No sé si 'Hijo de la ira' tiene muchos partidarios. Es difícil estar a favor de un relato tan sórdido y desagradable. Por supuesto, yo soy uno de sus partidarios. Aunque duela el estómago en algunas páginas.
Los libros de Thompson nunca so fáciles, y cais nunca son agradables. Te hacen percibir incluso por el olfato que tenemos una forma de vivir propensa a crear verdaderos hijos de perra. Monstruos. Son ellos, pero somos nosotros. Cualquiera de nosotros. Por eso leer a Thompson tiene incluso mérito. Un libro suyo, y en especial 'Hijo de la ira', es como tragarse un anzuelo. Va haciendo sangre conforme baja por la garganta, pero sólo puedes continuar, hacer que baja y llegue hasta las tripas. Avanzas en la lectura y te acostumbras un tanto al clima de dolor, sabiendo que, al final, muy al final de trayecto, respirarás aliviado, aunque te mane la sangre por los poros de la piel.
Después de leer una decena de títulos de Thompson -con lo que aún me faltan otros 20, más o menos- es reseñable que un libro más, 'Hijo de la ira', pueda sorprender. Pero lo hace. No sólo sorprende, a ratos parece su libro más logrado, con párrafos donde empequeñece a aquellos sociópatas tan suyos de sus novelas más nombradas, 'El asesino dentro de mí' y '1.280 almas'. Este nuevo protagonista, el joven Allen Smith, es capaz de merendárselos por el camino. Y da miedo. Así que echen un vistazo.
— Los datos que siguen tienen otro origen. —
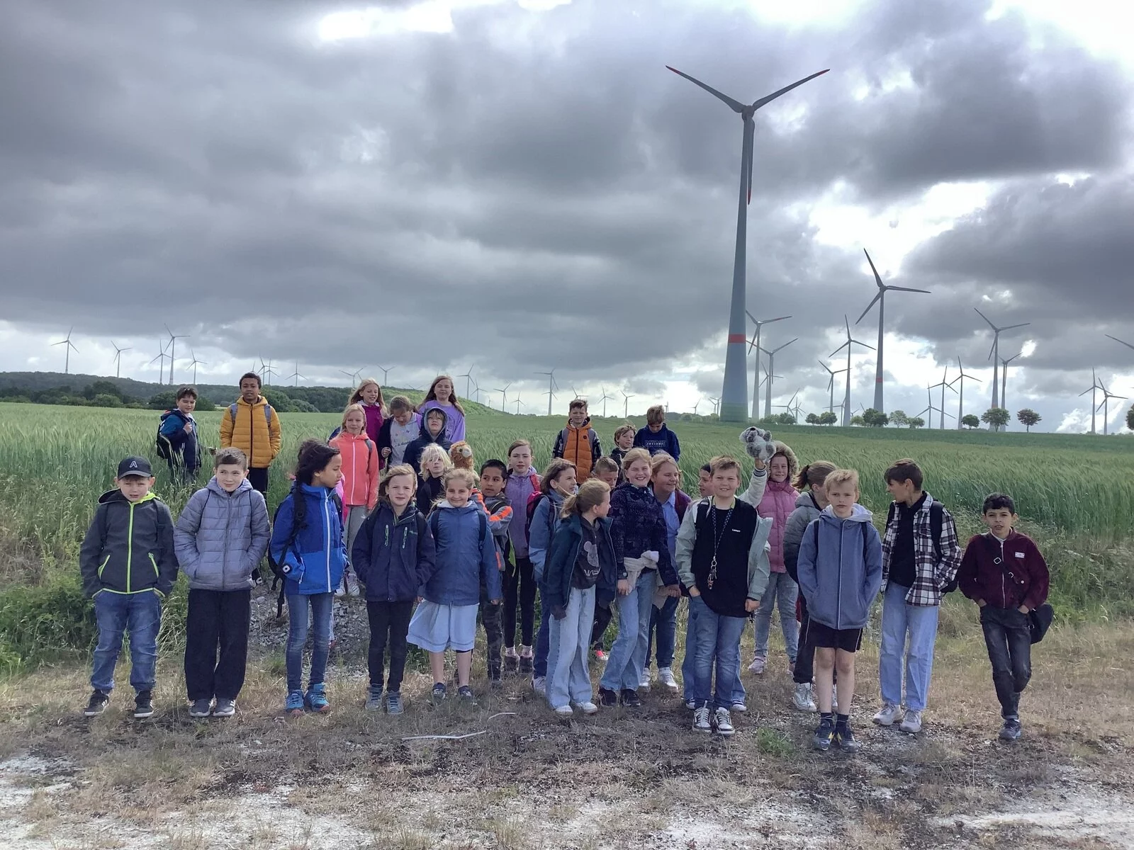 Die Klassen 4a und 4b konnten dabei eine ganz besondere Erfahrung machen: Im Rahmen des Bildungsprojekts „transMINT4.0 – Grenzen überwinden, MINT-Bildung verbinden“ besuchten sie eine Windkraftanlage in Benhausen und tauchten tief in das Thema Windenergie ein.

Jim Thompson y un gato sociópata

sábado, julio 3

MI AUTÓGRAFO DE ELLROY


Prometí poner el autógrafo de Ellroy. Es como en el capítulo de Los Simpson, "has puesto mi nombre, yo quería el tuyo". Cuando lo vi a poco me muero de la risa.

lunes, junio 21

MY FAVOURITE THINGS III: MICHEL PETRUCCIANI


Tengo que escribir algo sobre la música, una vez que me entero de que hoy es su día, aunque sospecho que no va a generar demasiadas actividades extra en mi ciudad. Supongo que no ocurre lo mismo en la vecina Francia, donde nació esta celebración hace 28 años, según creo. Hoy París será una ciudad con banda sonora, con cientos y cientos de artistas tocando en todas partes. Qué envidia.
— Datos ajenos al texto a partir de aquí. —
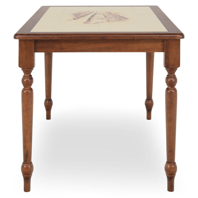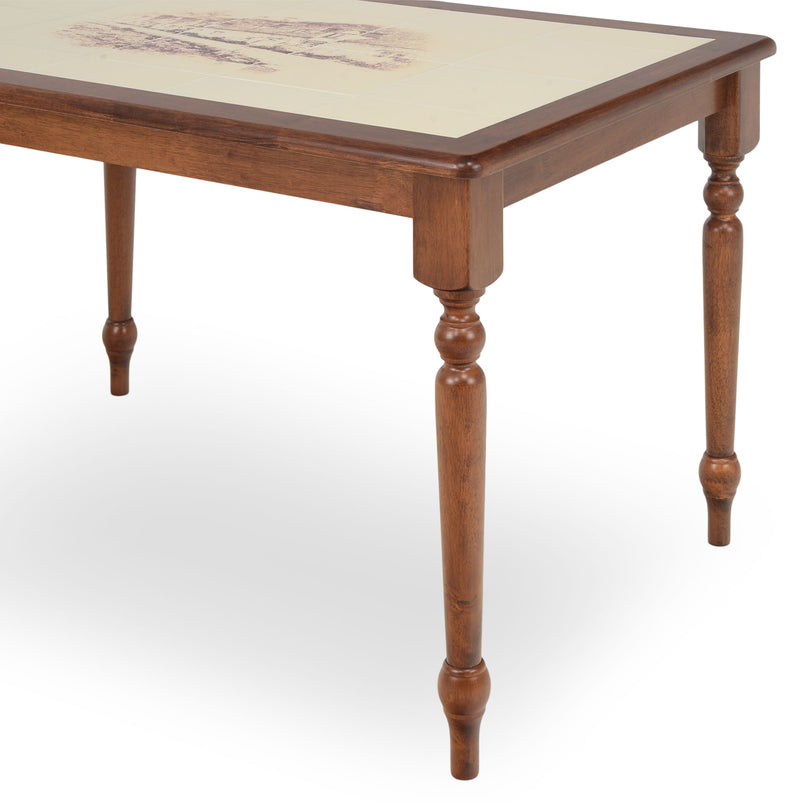 Masă Village. Schimbați înfățișarea zonei de dining de acasă cu o masă Village, care să vă ofere eleganță și un aspect estetic deosebit. Construită din lemn și faianță, masa este o piesă de mobilier cu stil care vă va îmbogăți decorul. Picioarele sale sunt subțiri și sculptate creativ pentru a ieși cu ușurință în evidență în orice context.

Mi aportación a un día tan hermoso como el de la música es esta recomendación, precisamente un francés, y un francés admirable. Se llamó Michel Petrucciani –su abuelo era napolitano- y fue un pianista de jazz, acaso el pianista europeo más querido y celebrado en sus apenas 36 años de vida. Una corta carrera para un músico de un metro de estatura, sufridor de la enfermedad de los huesos de cristal, y sin embargo una deslumbrante trayectoria en forma de discos, conciertos, y un sinfín de colaboraciones con toda la escena jazzística de ambos continentes. A falta de poder escuchar todo lo que grabó en tan pocos años, recomiendo tres discos: ‘Power of Three’ (1986), grabado en Montreux con los monstruos Jim Hall (guitarra) y Wayne Shorter (saxo). ‘Both Worlds’ (1997), de estudio, donde aparece un trombonista quye me gusta mucho, Bob Brookmeyer, además de sus casi inseparables Steve Gadd y Anthony Jackson. Y el tercer disco, ‘Trio in Tokyo’, editado de forma póstuma –Petrucciani murió en 1999-, grabado de nuevo con Gadd y Jackson.

Desde que lo conocí en sus discos, a Petrucciani me lo he ido encontrando casi en todas partes. Roberto Saviano le dedica un bonito artículo en su compilación de textos ‘La belleza y el infierno’. Mi historia personal con Petrucciani tiene también un encuentro casi físico. En París, deambulando por el cementerio de Père-Lachaise, encontré de casualidad el lugar donde el pequeño Petrucciani descansa. En su homenaje póstumo, el pianista se hizo enterrar junto a la tumba de Chopin. No me digan que no es una buena historia, en un día como hoy.